I have had experience of using Spark in the past and honestly, coming from a predominantly python background, it was quite a big leap. When I saw dask, I thought this would be a much better solution for distributed computing, however I seem to be running into an issue with simply reading in parquet files.
I have an s3 bucket, say s3://some-bucket/
. And within this I have my parquet files saved as hive paritioning, as shown below.
├── year=2019
└── month=01
└── month=01
└── ....
└── year=2020
└── month=01
└── day=01
├── datasource=browser
└── ...
└── datasource=iphone
└── part2.parquet
└── part2.parquet
└── ...
There is no _metadata or _common_metadata file.
To demonstrate how much slower reading these are in dask
compared to Spark
I can provide an example.
In Spark, the following takes ~ 90 seconds:
df = spark.read.parquet("s3://some-bucket/year=2020/month=04/")
df.createOrReplaceTempView("df")
res = spark.sql("SELECT column1, SUM(column2) FROM df GROUP BY column1")

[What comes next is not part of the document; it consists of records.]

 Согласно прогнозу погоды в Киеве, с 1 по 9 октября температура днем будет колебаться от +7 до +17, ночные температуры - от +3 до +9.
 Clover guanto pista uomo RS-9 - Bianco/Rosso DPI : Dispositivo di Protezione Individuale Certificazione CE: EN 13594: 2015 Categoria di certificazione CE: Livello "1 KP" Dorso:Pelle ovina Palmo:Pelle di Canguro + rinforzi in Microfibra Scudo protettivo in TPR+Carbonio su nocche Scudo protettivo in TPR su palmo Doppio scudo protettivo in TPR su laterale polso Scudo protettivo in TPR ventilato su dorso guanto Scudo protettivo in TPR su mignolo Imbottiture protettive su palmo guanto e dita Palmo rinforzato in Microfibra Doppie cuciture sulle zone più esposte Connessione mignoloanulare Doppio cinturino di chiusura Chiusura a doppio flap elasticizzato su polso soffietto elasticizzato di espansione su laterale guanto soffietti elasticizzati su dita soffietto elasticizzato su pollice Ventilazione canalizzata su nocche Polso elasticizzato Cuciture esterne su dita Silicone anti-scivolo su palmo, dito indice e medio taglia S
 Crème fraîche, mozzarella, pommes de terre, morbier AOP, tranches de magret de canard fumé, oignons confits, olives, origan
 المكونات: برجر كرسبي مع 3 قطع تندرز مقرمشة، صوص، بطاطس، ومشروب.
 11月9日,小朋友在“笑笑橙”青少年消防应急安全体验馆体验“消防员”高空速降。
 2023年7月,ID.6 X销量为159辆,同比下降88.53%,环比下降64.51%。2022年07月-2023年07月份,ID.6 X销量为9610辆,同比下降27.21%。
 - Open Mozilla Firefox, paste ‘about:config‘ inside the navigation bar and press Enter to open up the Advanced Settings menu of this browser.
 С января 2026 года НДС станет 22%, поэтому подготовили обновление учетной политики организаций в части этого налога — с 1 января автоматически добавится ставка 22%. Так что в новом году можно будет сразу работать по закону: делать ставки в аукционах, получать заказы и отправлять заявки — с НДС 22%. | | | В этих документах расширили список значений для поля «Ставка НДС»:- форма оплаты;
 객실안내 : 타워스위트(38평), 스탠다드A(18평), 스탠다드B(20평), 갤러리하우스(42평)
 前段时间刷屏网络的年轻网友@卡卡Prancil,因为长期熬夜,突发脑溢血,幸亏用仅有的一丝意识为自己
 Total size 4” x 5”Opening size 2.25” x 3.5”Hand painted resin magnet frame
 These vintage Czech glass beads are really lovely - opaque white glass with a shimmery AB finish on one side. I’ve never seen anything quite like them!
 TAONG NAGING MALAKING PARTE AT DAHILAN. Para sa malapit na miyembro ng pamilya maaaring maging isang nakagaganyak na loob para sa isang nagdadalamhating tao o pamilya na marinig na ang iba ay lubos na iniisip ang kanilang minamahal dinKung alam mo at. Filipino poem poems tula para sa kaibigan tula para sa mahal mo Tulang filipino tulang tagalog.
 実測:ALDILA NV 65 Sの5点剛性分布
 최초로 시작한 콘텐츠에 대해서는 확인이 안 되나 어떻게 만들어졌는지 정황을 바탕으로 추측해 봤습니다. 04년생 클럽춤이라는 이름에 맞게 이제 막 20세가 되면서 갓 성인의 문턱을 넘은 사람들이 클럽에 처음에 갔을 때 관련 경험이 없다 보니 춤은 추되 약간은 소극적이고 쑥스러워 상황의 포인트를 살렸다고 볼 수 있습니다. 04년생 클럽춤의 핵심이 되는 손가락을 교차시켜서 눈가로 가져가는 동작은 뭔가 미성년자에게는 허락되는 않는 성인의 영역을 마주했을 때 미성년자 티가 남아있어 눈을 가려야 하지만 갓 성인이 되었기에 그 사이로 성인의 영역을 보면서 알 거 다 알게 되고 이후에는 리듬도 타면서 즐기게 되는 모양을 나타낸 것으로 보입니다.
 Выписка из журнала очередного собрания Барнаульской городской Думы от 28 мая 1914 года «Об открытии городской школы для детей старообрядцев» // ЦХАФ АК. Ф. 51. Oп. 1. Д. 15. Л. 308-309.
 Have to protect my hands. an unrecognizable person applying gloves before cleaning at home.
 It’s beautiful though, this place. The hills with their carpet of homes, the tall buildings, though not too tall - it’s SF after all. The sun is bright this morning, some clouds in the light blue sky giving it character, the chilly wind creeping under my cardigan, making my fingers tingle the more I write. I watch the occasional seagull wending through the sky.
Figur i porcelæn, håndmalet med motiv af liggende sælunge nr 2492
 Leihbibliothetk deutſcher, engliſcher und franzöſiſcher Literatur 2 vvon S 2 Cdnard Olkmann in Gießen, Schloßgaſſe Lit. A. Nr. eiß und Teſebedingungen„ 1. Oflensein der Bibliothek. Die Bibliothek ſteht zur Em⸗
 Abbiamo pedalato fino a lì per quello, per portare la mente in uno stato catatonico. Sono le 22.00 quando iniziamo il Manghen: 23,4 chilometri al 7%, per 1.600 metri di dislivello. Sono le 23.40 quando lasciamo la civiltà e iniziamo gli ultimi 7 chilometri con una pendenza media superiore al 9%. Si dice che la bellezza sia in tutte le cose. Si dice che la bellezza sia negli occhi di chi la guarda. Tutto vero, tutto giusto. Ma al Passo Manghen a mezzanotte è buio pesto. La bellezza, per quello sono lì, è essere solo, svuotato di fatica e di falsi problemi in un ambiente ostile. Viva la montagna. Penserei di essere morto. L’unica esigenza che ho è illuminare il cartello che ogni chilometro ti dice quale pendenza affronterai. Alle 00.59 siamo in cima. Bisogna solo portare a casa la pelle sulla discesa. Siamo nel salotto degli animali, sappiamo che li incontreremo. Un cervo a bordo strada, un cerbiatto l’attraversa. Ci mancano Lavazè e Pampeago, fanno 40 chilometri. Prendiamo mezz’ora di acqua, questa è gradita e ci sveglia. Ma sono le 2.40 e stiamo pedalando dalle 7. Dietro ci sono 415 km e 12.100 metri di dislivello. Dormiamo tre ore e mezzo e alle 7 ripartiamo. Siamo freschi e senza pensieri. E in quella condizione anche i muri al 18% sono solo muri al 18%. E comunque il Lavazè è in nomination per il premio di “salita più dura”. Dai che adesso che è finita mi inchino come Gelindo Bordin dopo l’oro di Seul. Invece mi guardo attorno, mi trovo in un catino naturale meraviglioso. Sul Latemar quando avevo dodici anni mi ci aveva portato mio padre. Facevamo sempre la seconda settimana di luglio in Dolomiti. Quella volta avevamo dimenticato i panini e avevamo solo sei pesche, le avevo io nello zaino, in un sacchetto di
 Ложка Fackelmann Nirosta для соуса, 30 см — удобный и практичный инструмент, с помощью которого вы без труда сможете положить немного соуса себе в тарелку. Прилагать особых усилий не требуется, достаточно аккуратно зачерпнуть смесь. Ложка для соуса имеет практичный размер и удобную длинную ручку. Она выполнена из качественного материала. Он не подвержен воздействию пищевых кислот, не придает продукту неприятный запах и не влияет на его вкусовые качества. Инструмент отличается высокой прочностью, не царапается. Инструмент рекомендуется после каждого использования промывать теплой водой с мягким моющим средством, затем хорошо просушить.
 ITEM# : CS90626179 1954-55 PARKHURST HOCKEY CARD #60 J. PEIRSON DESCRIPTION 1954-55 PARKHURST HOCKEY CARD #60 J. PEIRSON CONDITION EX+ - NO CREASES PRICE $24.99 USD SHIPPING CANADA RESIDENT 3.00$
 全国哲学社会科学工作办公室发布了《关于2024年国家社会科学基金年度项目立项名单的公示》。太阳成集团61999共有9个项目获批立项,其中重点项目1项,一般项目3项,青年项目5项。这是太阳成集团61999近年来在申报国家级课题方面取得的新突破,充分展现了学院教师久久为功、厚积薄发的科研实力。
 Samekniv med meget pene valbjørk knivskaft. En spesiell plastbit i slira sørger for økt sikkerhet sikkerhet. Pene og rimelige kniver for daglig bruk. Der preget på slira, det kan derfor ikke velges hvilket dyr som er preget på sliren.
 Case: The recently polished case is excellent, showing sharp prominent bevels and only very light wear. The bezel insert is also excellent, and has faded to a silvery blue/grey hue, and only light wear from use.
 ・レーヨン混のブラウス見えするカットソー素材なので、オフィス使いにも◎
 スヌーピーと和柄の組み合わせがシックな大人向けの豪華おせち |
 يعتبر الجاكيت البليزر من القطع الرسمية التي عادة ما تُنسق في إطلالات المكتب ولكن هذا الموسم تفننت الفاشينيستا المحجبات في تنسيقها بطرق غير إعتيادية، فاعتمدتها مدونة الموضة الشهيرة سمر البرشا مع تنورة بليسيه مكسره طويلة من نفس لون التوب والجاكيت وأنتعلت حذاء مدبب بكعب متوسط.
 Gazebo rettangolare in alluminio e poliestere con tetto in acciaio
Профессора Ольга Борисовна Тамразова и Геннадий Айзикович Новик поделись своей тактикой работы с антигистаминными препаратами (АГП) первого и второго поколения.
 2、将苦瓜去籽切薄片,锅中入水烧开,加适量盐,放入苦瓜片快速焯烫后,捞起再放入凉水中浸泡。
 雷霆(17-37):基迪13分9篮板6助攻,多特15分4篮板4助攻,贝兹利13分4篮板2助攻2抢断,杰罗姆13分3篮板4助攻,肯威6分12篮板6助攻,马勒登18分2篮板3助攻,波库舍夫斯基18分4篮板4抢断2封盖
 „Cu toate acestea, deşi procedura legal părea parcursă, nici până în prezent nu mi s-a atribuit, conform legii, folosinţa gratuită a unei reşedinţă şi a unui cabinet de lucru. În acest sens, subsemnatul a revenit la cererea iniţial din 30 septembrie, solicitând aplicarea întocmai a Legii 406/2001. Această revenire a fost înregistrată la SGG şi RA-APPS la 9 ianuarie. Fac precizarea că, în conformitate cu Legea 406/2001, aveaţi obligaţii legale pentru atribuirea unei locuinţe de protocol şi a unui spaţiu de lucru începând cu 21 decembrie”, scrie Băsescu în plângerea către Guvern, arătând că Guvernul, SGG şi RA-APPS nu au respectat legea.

res = res.toPandas() # convert to pandas to be fair to dask, but we know this isn't fast in spark
The exact same thing in dask takes ~ 800 seconds:
cluster = YarnCluster()
# Connect to the cluster
client = Client(cluster)
cluster.scale(10)
df = dd.read_parquet("s3://some-bucket/year=2020/month=04/*/*/*.parquet",
columns=["column1", "column2"],
engine="pyarrow",
gather_statistics=False,
)
res = df.groupby('column1').column2.sum().compute()
Using "s3://some-bucket/year=2020/month=04/"
rather than "s3://some-bucket/year=2020/month=04/*/*/*.parquet"
, takes ~2100 seconds.
One thing I have already tried, is reading the metadata of just one of the small bits of parquet, extracting the pyarrow schema, and passing this through as a kwarg along with validate_schema=False
. Like so:
import pyarrow.parquet as pq
import s3fs
s3 = s3fs.S3FileSystem()
# we pick a small part of the dataset
ds = pq.ParquetDataset(
"s3://some-bucket/year=2020/month=04/day=01/datasource=iphone/part1.parquet",
filesystem=s3)
# read in the table and write it out to a temp parquet
tbl = ds.read()
pq.write_table(tbl, "tmp.parquet")
# read in the metadata using pyarrow and extract the pyarrow._parquet.Schema
pa_metadata = pq.read_metadata("tmp.parquet")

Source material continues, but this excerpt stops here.